> Your assignment: Exactly reproduce the lines from the one containing "L’abri de jardin" through the last line of the data, both ends included, leaving out pictures.

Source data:
BEGIN
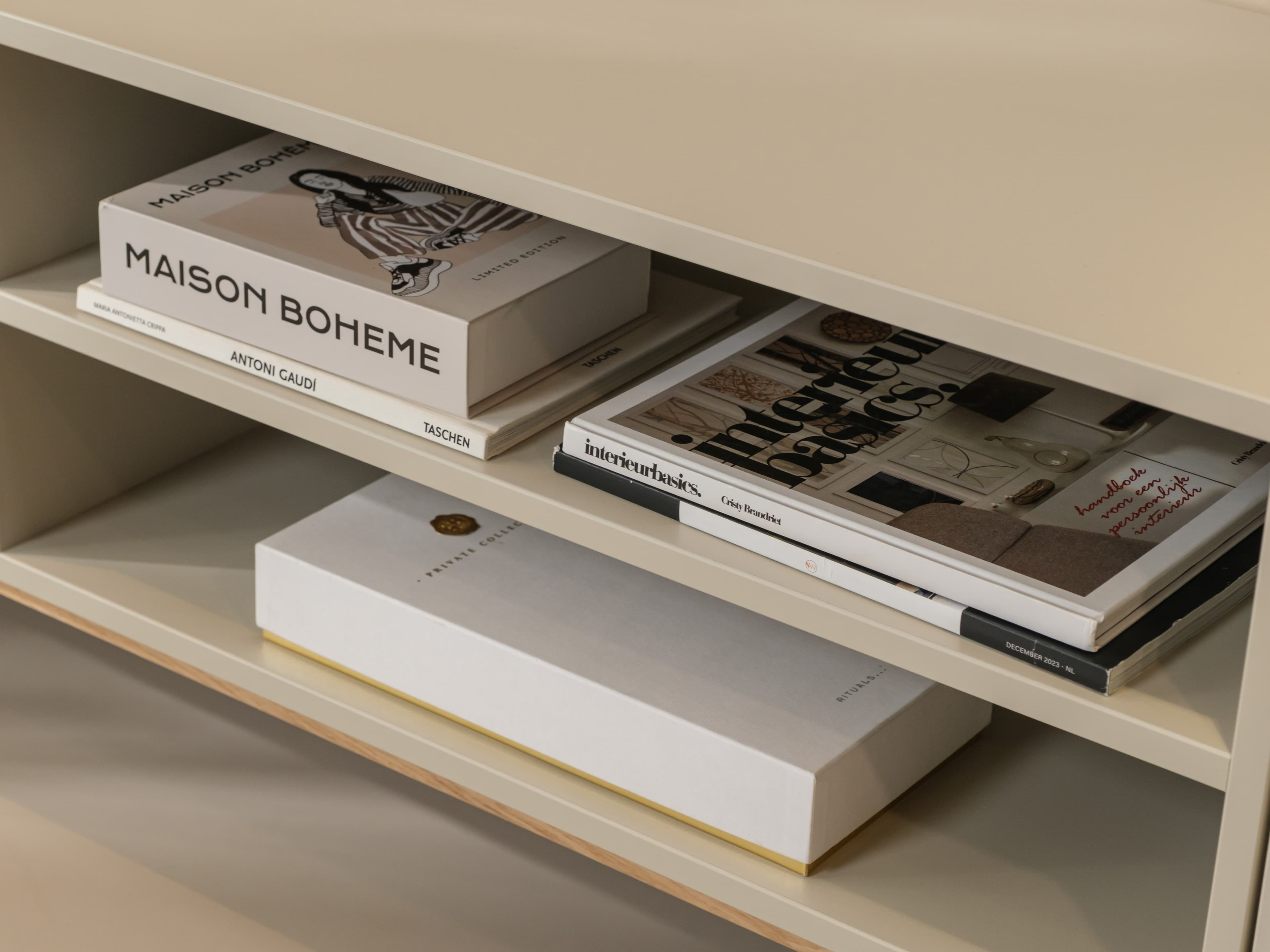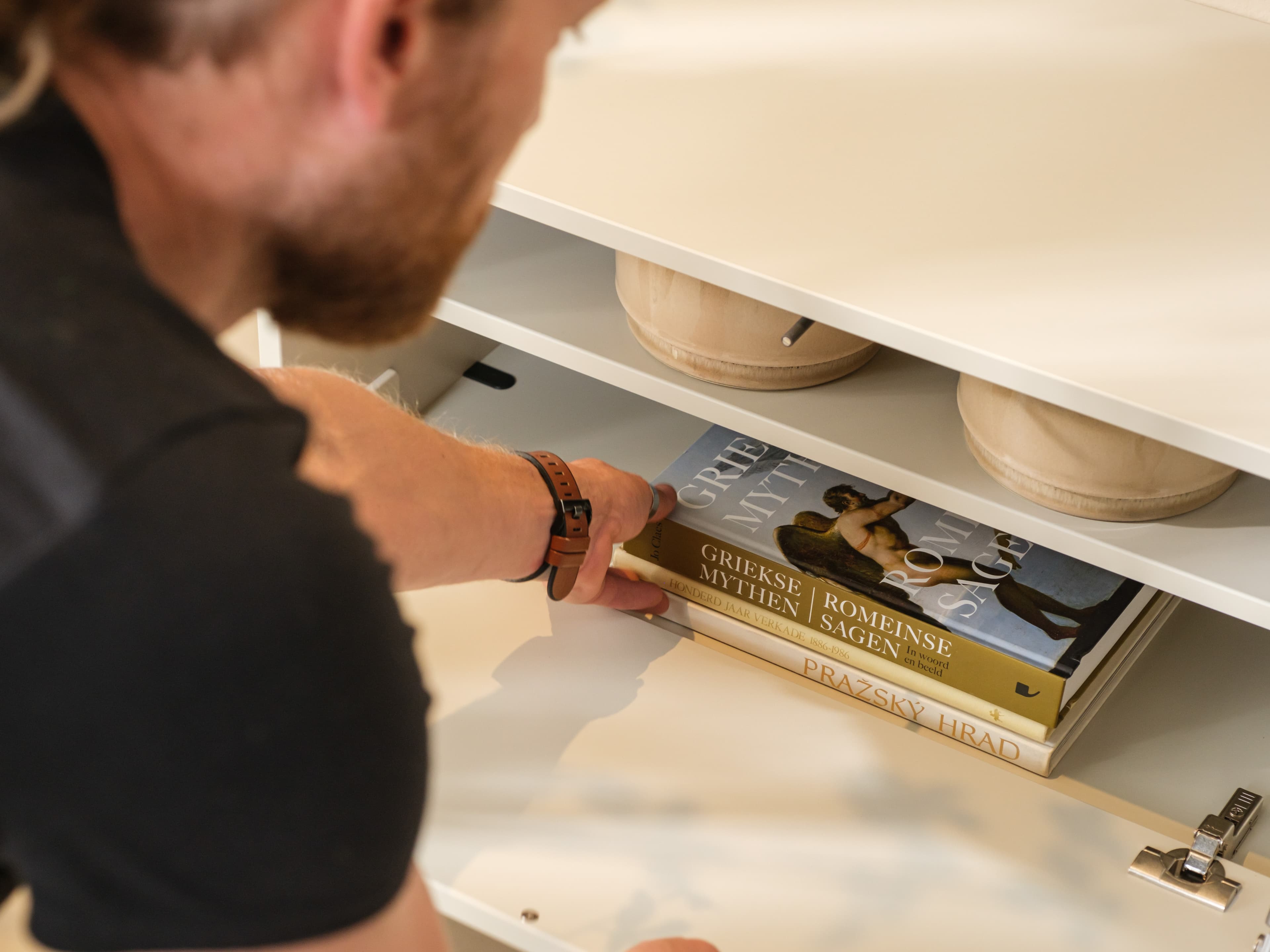Voor het opbergen van boeken, tijdschriften of een afstandsbediening is het open vak perfect. Bovendien geeft het extra diepte en ruimtelijkheid voor een sfeervol geheel.
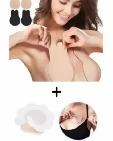 Bra adherible + par de pezoneras. Bra adherible para copa B C y D, disponible en color nude y negro, son reutilizables.
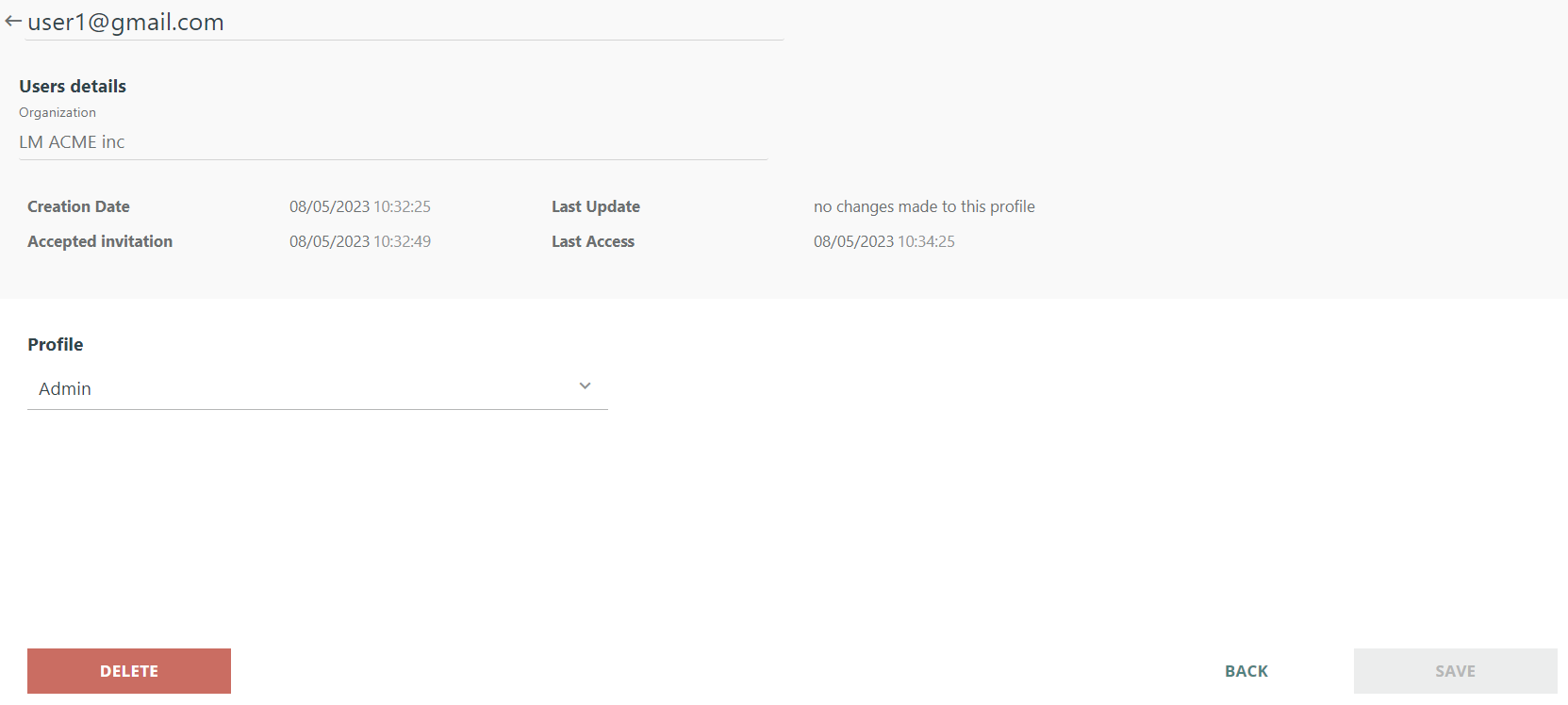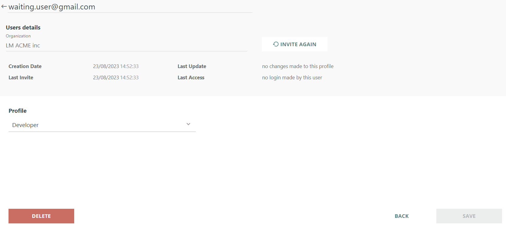Access the details page to manage roles or delete profiles. For waiting users, re-invite or edit/delete as needed.
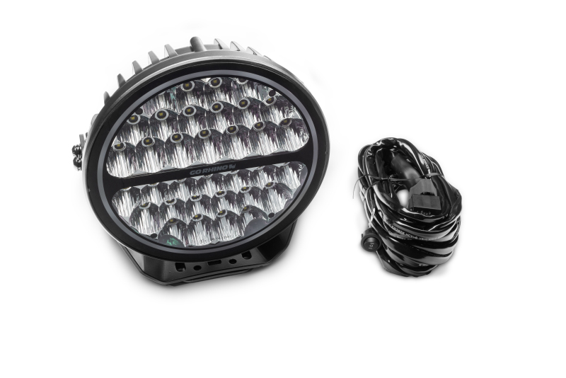 Go Rhino Xplor Blackout Series Round LED Sgl Driving Kit w/DRL (Surface/Thread Stud Mnt) 9in. - Blk
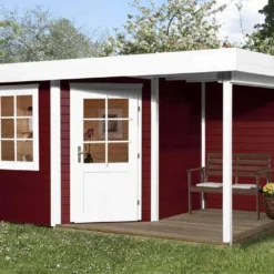 L’abri de jardin design Fides 2 de chez Weka est fabriquĂ© en bois massif d’une Ă©paisseur de 28 mm pour les parois, et 19 mm pour la toiture et le plancher. Grâce Ă son système moderne de vissage, l’emboĂ®tement des parois est invisible.Â
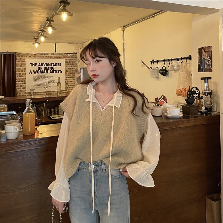 色:カーキベストワンピース,シフォンシャツワンピース
END
> Finished exercise:
 L’abri de jardin design Fides 2 de chez Weka est fabriquĂ© en bois massif d’une Ă©paisseur de 28 mm pour les parois, et 19 mm pour la toiture et le plancher. Grâce Ă son système moderne de vissage, l’emboĂ®tement des parois est invisible.Â
 色:カーキベストワンピース,シフォンシャツワンピース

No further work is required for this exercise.